With the popularity of pre-trained models like BERT, ERNIE, and XLNet, it seems outdated to solve NLP problems without using pre-trained models.However, this is clearly incorrect.
As we all know, both training and inference with pre-trained models consume a large amount of computing power and heavily rely on GPU resources. However, many NLP problems can actually be solved adequately with justdictionaries + rules, so forcing the use of heavy models is like using a cannon to shoot a mosquito, which is very inefficient.
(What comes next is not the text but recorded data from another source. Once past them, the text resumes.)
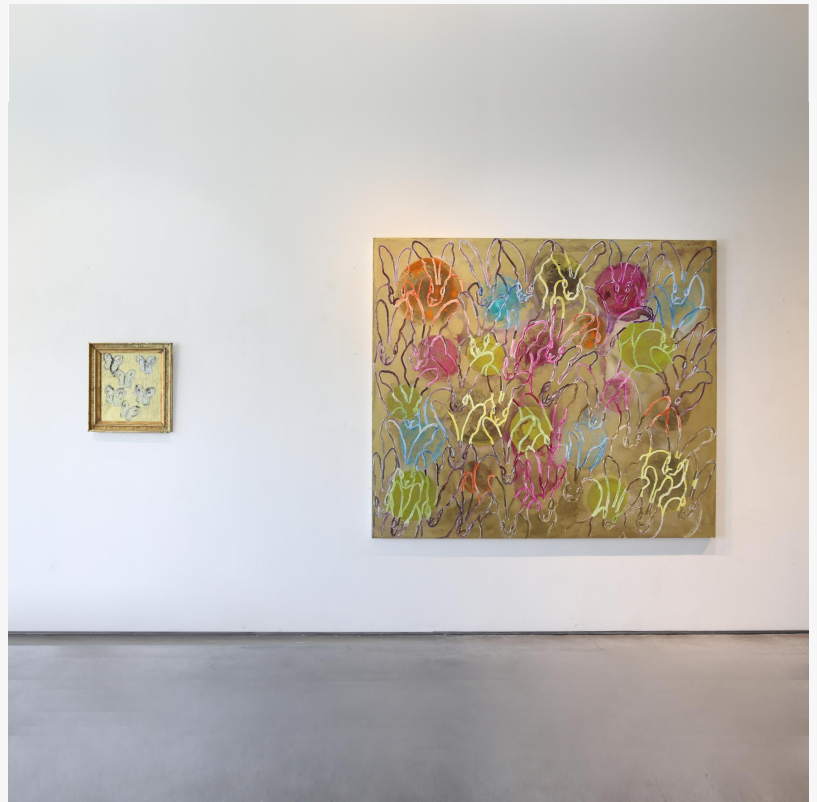
Hunt Slonem Exhibition Image 3 at Exhibit by Aberson 2020
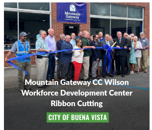
Mountain Gateway CC Wilson Workforce Development Center Ribbon Cutting
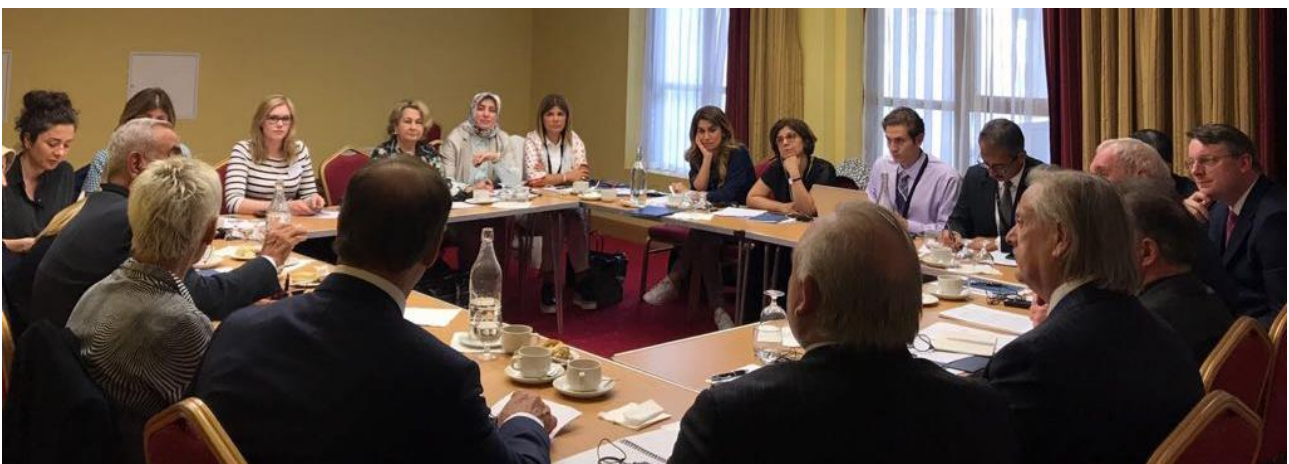
Participants during the roundtable with Bertie Ahern.

Thank you very much for coming and I hope you have an enjoyable trip. My background is in the retail business. I owe a lot of my good fortune to ladies; my grandmother started a retail business in 1937. She was a tailor by profession when she was younger. Interestingly enough, my grandfather was from the north of Ireland and he moved south and worked as a plumber and he married my grandmother in 1935. Prime Minister Ahern talked about how this was a difficult time because of the big north/south divide. My grandfather had a protestant background and my grandmother was a Catholic; but the children were raised as Catholics which was tradition of the church. The occurrence at that time was you had to have permission by the church to get married. Not only did you need permission, you were not supposed to get married at the altar, you were supposed to get married beside it.
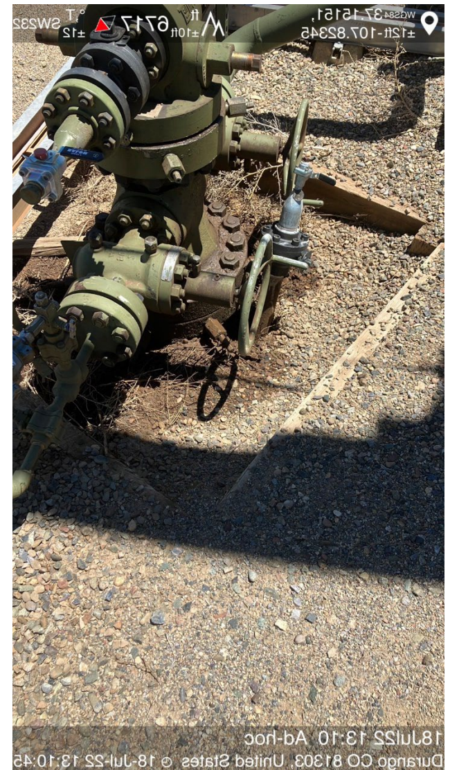
IMG 04 Impacted material
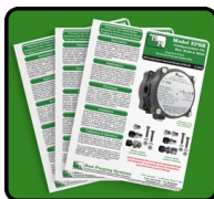
Model EPSK Enclosure Pressure Switch Kits Complements universal mount units to activate audible or visual alarms
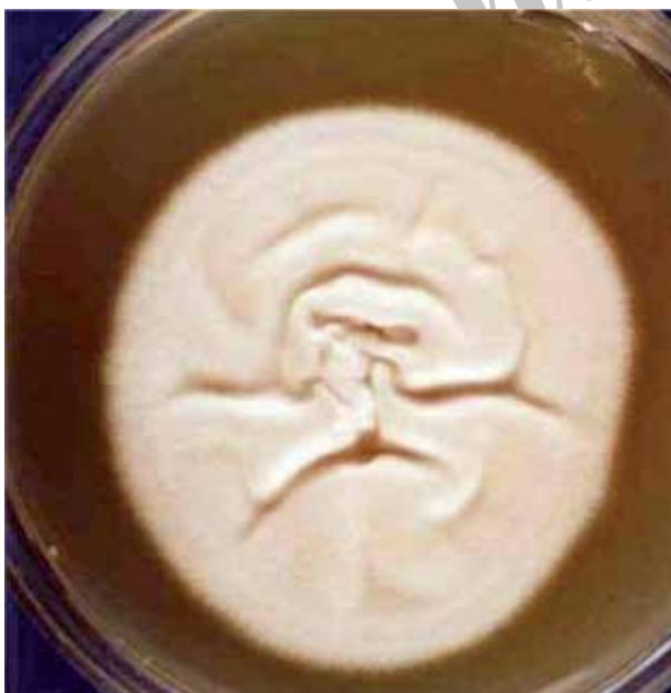
Figure 2. A M. persicolor Colony on Mycobiotic Agar after 2 Weeks of Incubation
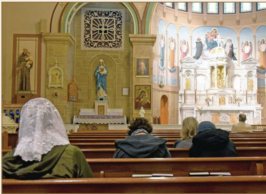
People pray during eucharistic adoration at Our Lady of the Most Holy Rosary Church in Indianapolis on the morning of Dec. 1, the day the U.S. Supreme Court heard oral arguments in Dobbs v. Jackson Women's Health Organization, an appeal to overturn Mississippi's ban on most abortions after 15 weeks of pregnancy.
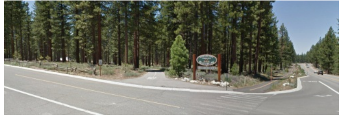
Entrance Road and signage for Community Play Fields.
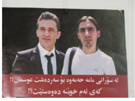
Campaign launched by Awene, Hawlati, Lvin.

During their mission, nearly three months after the murder, Reporters Without Borders' representatives met with the journalist's family, who informed them of their anger and dismay over the inquiry's lack of progress.
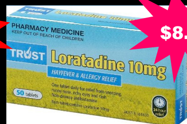
Trust Loratadine 10mg 50 Tablets
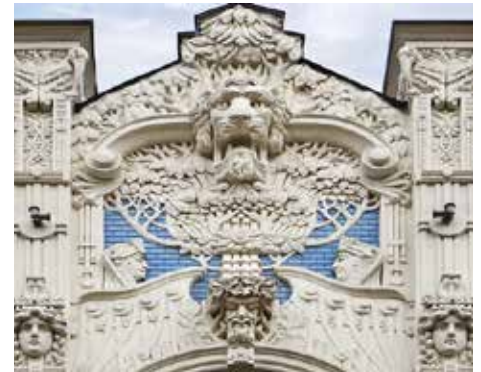
Riga Art Nouveau Museum
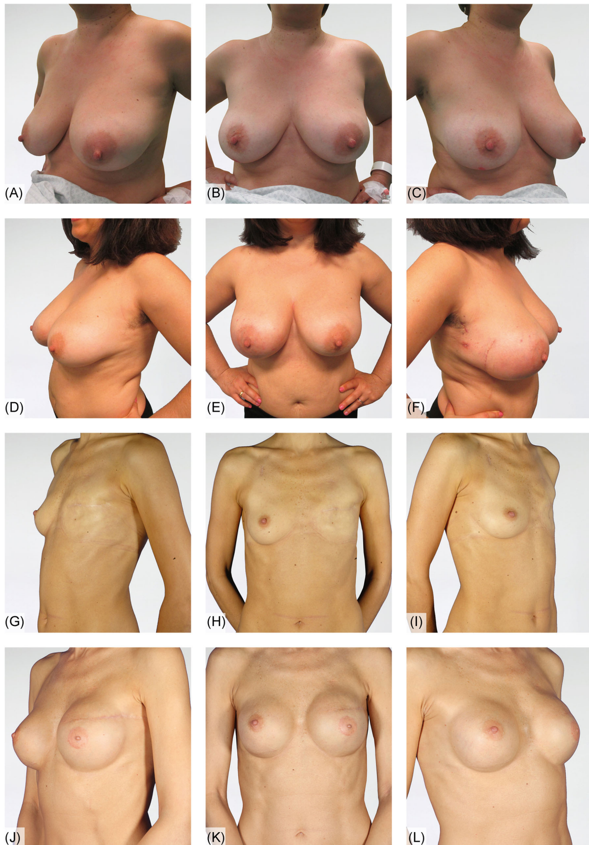
FIGURE 4 A-C, Preoperative lateral and frontal pictures of a right DCIS case; D-F, esthetic result after 6 months of right immediate prepectoral reconstruction; G-I, preoperative lateral and frontal pictures of a failure of previous left breast reconstruction; J-L, outcomes of left delayed prepectoral breast reconstruction, 24 months postoperative. DCIS, ductal carcinoma in situ [Color figure can be viewed at wileyonlinelibrary.com ]
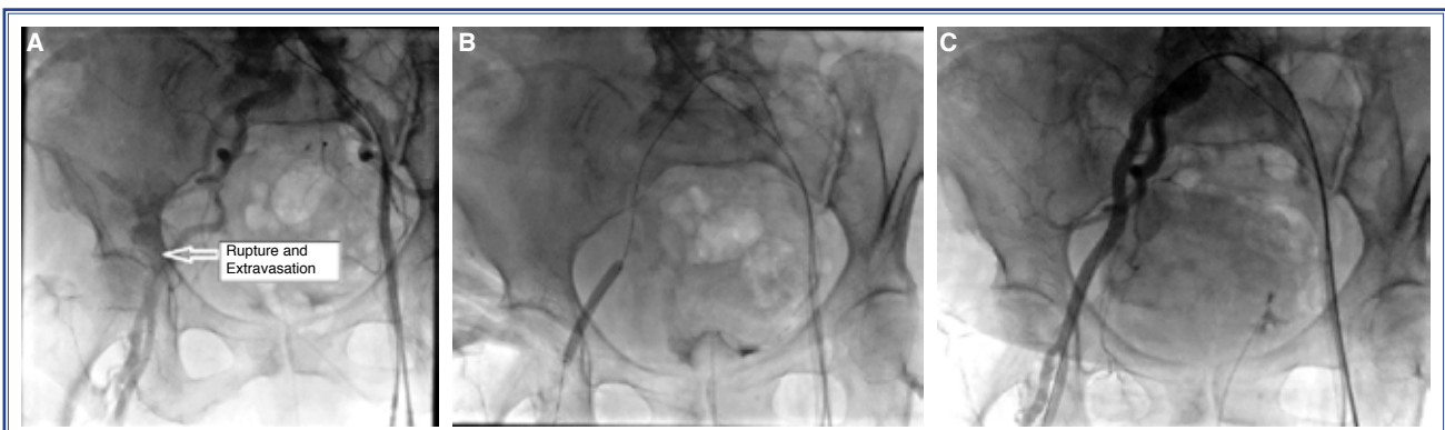
Figure 1. Peripheral angiography images. (A) Rupture of the iliac artery and contrast media extravasation. (B) Balloon inflation to stop hemorrhage. (C) Stent implantation and final angiography showing no rupture.

Case 2 – An 84 year-old-man with severe AS underwent transfermoral aortic valve implantation under local anesthesia. Aortic annulus sizing on trans-
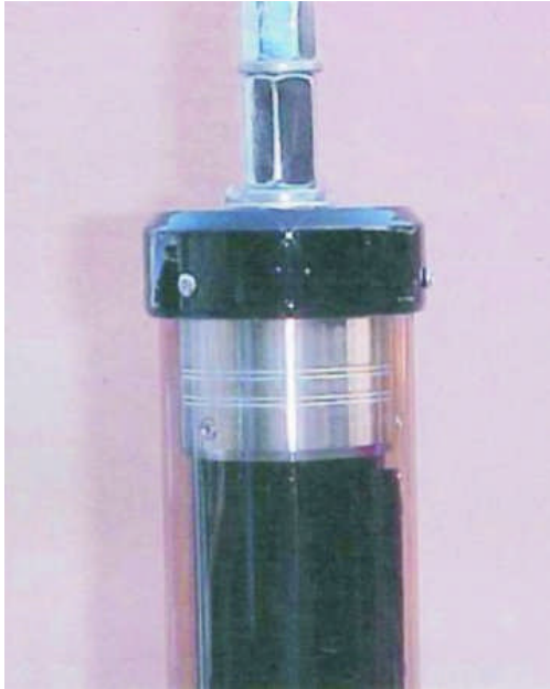
Little Tarheel II in 6 meter position with 32" whip

The following photos will show you relative tuning positions of the Little Tarheel II antenna.
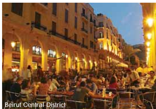
Beirut Central District
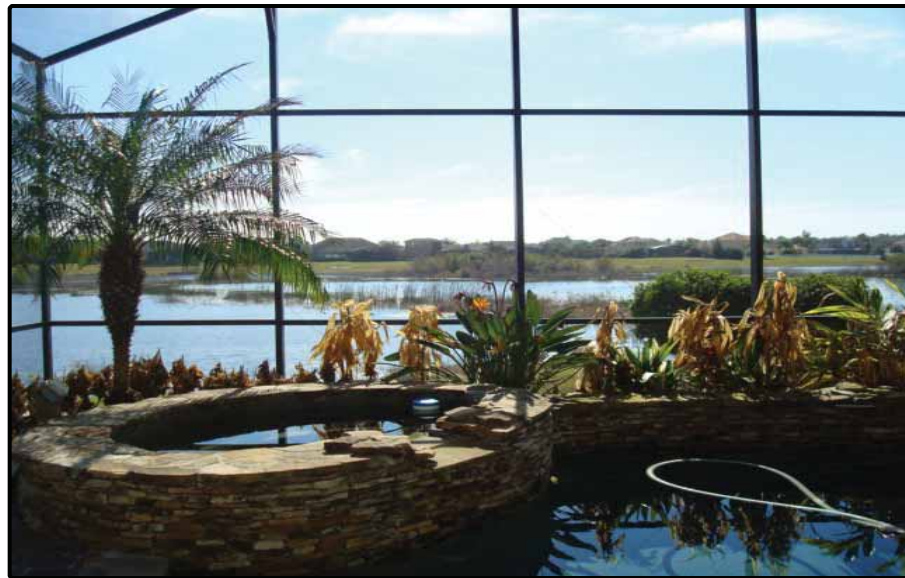
Screened Pool & Spa with Stone work
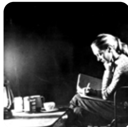
Celebrating Gombe 60 – Page 2
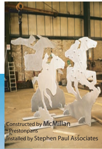
Constructed by McMillan • Prestonpans Installed by Stephen Paul Associates

Therefore, we have carefully selected45 practical open-source tools and dictionaries from a rather crazy GitHub repo for everyone, allowing you to reduce dependence on models and computing power while building NLP systems and assisting in model training, and instead focus on small and beautiful code.
Repo address:
https://github.com/fighting41love/funNLP
Note: This is a very crazy repo that includes over 300 projects, but it is quite mixed, so remember to compare them horizontally.
Come, feel it out m(_ _)m
Who knows how I managed to read through all 300 repos (╯°□°)╯︵ ┻━┻
1. textfilter: Chinese and English sensitive word filtering
Repo: observerss/textfilter
>>> f = DFAFilter()
>>> f.add("sexy")
>>> f.filter("hello sexy baby")
hello **** baby
Sensitive words include political, vulgar, and other topical vocabulary. The principle is mainly based on dictionary lookups (in the project’s keyword file), and the content is not very authentic.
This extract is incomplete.